Zhao's career apparently continued in the Later Tang army, although his activities the next few years were not recorded in historical records. It is known that he was an officer in Later Tang's army that conquered Former Shu in 925. When, in 926, after the conquest, the Later Tang commander of that invasion army, Li Jiji the Prince of Wei (the son of Li Cunxu) was prepared to depart Chengdu (the capital of the destroyed Former Shu state) and return to Later Tang's capital Luoyang, he left a detachment, commanded by several officers — Zhao, Li Renhan, Pan Rensi (潘仁嗣), Zhang Ye (Li Renhan's nephew), Wu Zhang (武璋), and Li Tinghou (李廷厚) — at Chengdu, to await the arrival of the new Later Tang-commissioned military governor of Xichuan Circuit (西川, headquartered at Chengdu), Meng Zhixiang, to arrive.

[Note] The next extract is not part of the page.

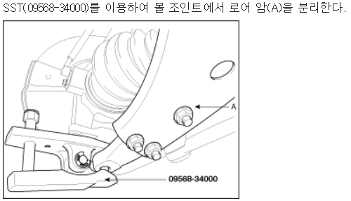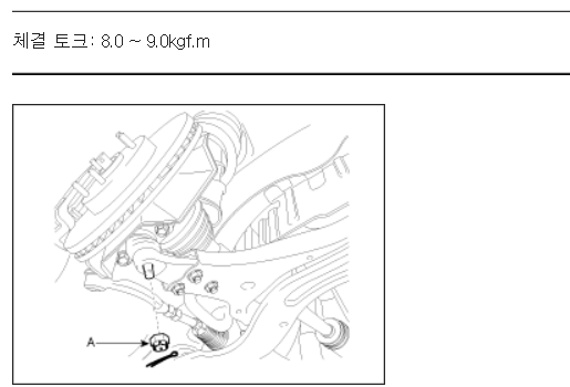 신품 볼 조인트를 너클에 고정해 준다. 볼트 2개만 조이면 된다. 조임 토크는 10 ~ 12 kgf.m.

Apparently, then, when Meng subsequently arrived to take office, Zhao and those other officers came under his command. Even after Meng's arrival, however, there was much banditry throughout the former Former Shu territory. Meng sent Zhao and Zhang to quell the banditry, and they killed the bandits and calmed the land.

By 930, the relationships that Meng Zhixiang and Dong Zhang the military governor of neighboring Dongchuan Circuit (東川, headquartered in modern Mianyang, Sichuan) with the imperial government, with Li Cunxu's adoptive brother Li Siyuan as emperor (Li Cunxu's having been killed in a mutiny at Luoyang in 926), had become very strained, and it appeared that war between the imperial government and these two circuits would erupt at any time. In fall 930, Meng and Dong formally rose against the imperial government. Meng sent Li Renhan to command the army against the imperially-held Wuxin Circuit (武信, headquartered in modern Suining, Sichuan), with Zhao, who then carried the title of prefect of Han Prefecture (漢州, in modern Deyang, Sichuan), serving as his deputy and Zhang serving as his forward commander. Li Renhan shortly after put Wuxin's capital Sui Prefecture (遂州) under siege. During the siege, however, news came that the main imperial army against the two circuits, commanded by Li Siyuan's son-in-law Shi Jingtang, had captured the key entry into the two circuits, Jianmen Pass. Meng thus diverted Zhao from Li Renhan's army, giving him 10,000 men to reinforce Dong's defenses at Jian Prefecture (劍州, in modern Guangyuan, Sichuan, near Jianmen Pass). At that time, it was deep in the winter, and Zhao's fearful soldiers initially did not want to advance to Jian. Zhao wept in front of them and stated: "Now the Northern Army [(i.e., the imperial army)] is strong. If you all do not fight hard to stop them, even your wives and children will be owned by others." The soldiers were aroused by his speech, and advanced to Jian.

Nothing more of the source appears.